> [Task instructions] Apart from the pictures, reproduce the data below exactly as it stands.

> [Material provided]

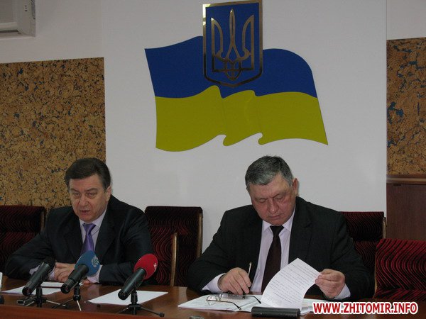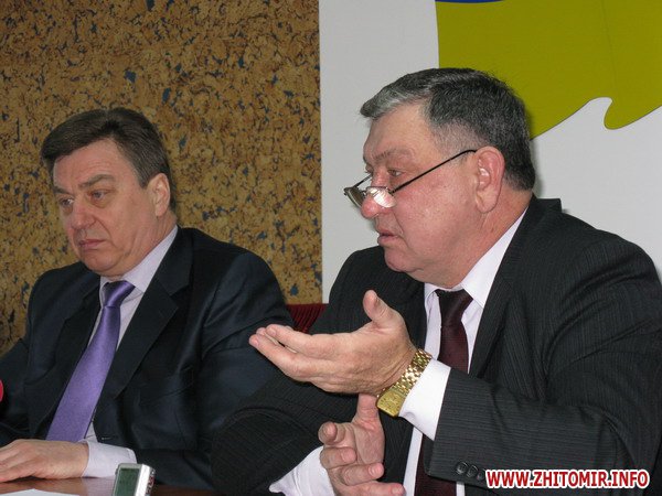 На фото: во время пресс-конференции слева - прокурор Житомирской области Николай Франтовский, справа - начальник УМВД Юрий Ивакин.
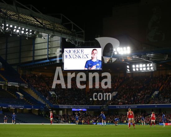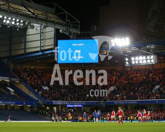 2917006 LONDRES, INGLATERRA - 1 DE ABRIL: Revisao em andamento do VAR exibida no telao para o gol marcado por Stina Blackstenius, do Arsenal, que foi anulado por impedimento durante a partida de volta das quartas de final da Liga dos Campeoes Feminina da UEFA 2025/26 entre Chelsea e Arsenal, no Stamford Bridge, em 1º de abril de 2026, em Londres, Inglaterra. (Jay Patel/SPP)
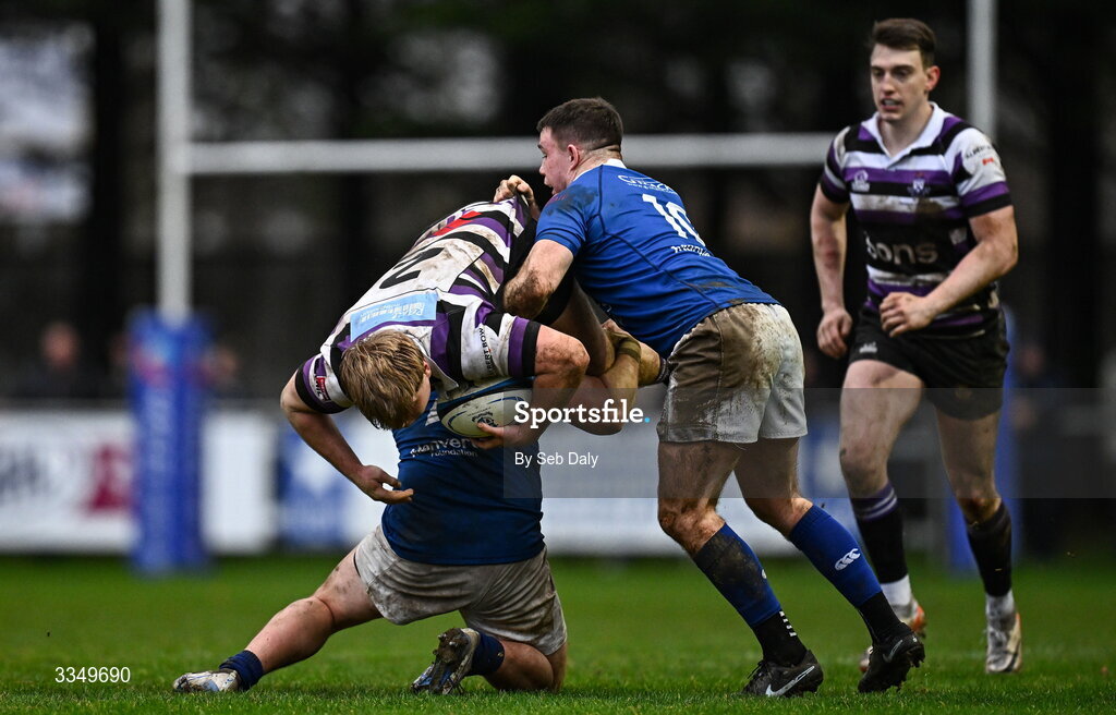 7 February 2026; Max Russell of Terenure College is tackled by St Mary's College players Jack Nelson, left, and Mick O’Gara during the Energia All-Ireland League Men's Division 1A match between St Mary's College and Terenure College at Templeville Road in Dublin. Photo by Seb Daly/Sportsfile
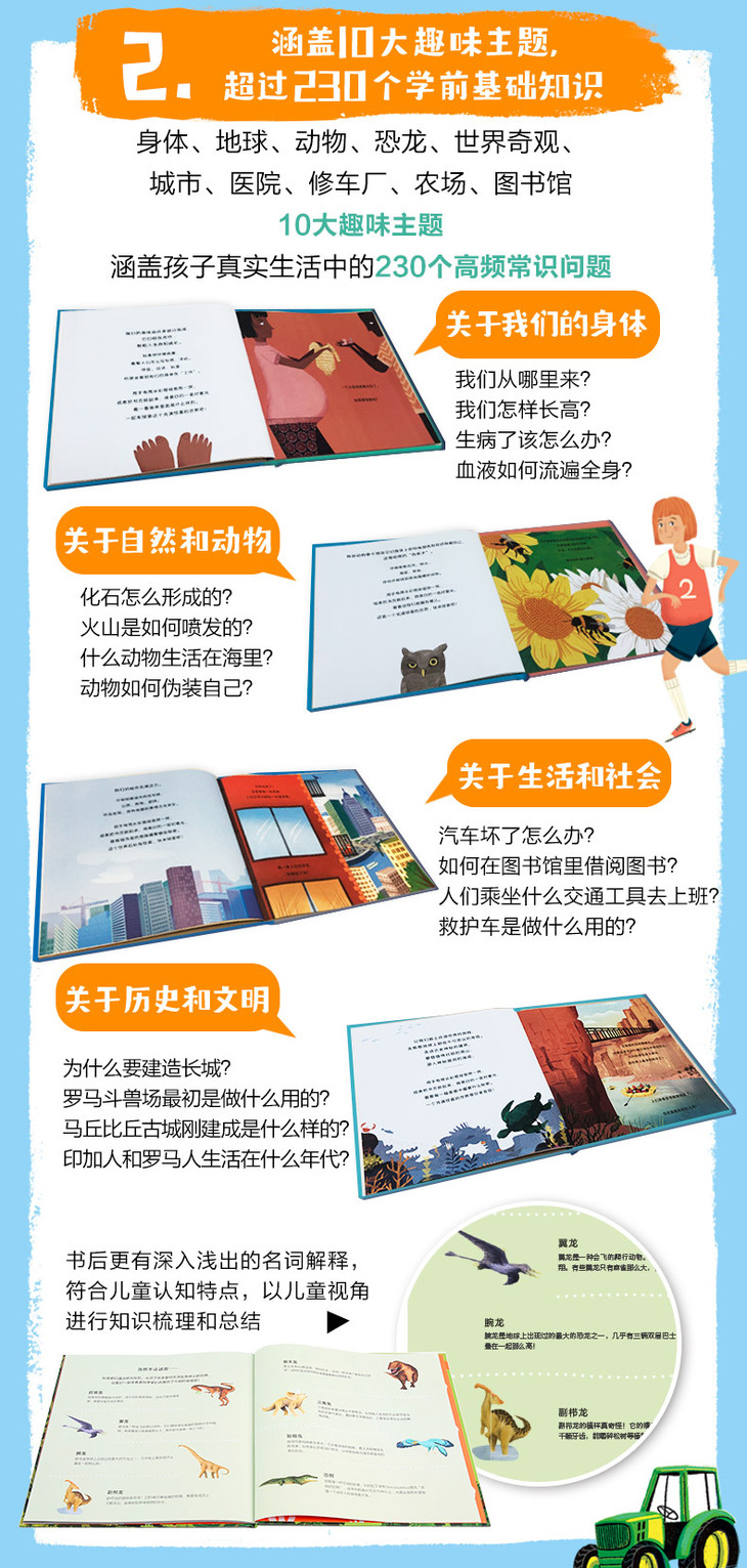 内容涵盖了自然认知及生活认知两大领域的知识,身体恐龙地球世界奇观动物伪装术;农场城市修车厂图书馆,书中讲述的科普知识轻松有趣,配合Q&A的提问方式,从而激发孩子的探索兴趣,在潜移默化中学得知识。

> [Answer section]
 На фото: во время пресс-конференции слева - прокурор Житомирской области Николай Франтовский, справа - начальник УМВД Юрий Ивакин.
 2917006 LONDRES, INGLATERRA - 1 DE ABRIL: Revisao em andamento do VAR exibida no telao para o gol marcado por Stina Blackstenius, do Arsenal, que foi anulado por impedimento durante a partida de volta das quartas de final da Liga dos Campeoes Feminina da UEFA 2025/26 entre Chelsea e Arsenal, no Stamford Bridge, em 1º de abril de 2026, em Londres, Inglaterra. (Jay Patel/SPP)
 7 February 2026; Max Russell of Terenure College is tackled by St Mary's College players Jack Nelson, left, and Mick O’Gara during the Energia All-Ireland League Men's Division 1A match between St Mary's College and Terenure College at Templeville Road in Dublin. Photo by Seb Daly/Sportsfile
 内容涵盖了自然认知及生活认知两大领域的知识,身体恐龙地球世界奇观动物伪装术;农场城市修车厂图书馆,书中讲述的科普知识轻松有趣,配合Q&A的提问方式,从而激发孩子的探索兴趣,在潜移默化中学得知识。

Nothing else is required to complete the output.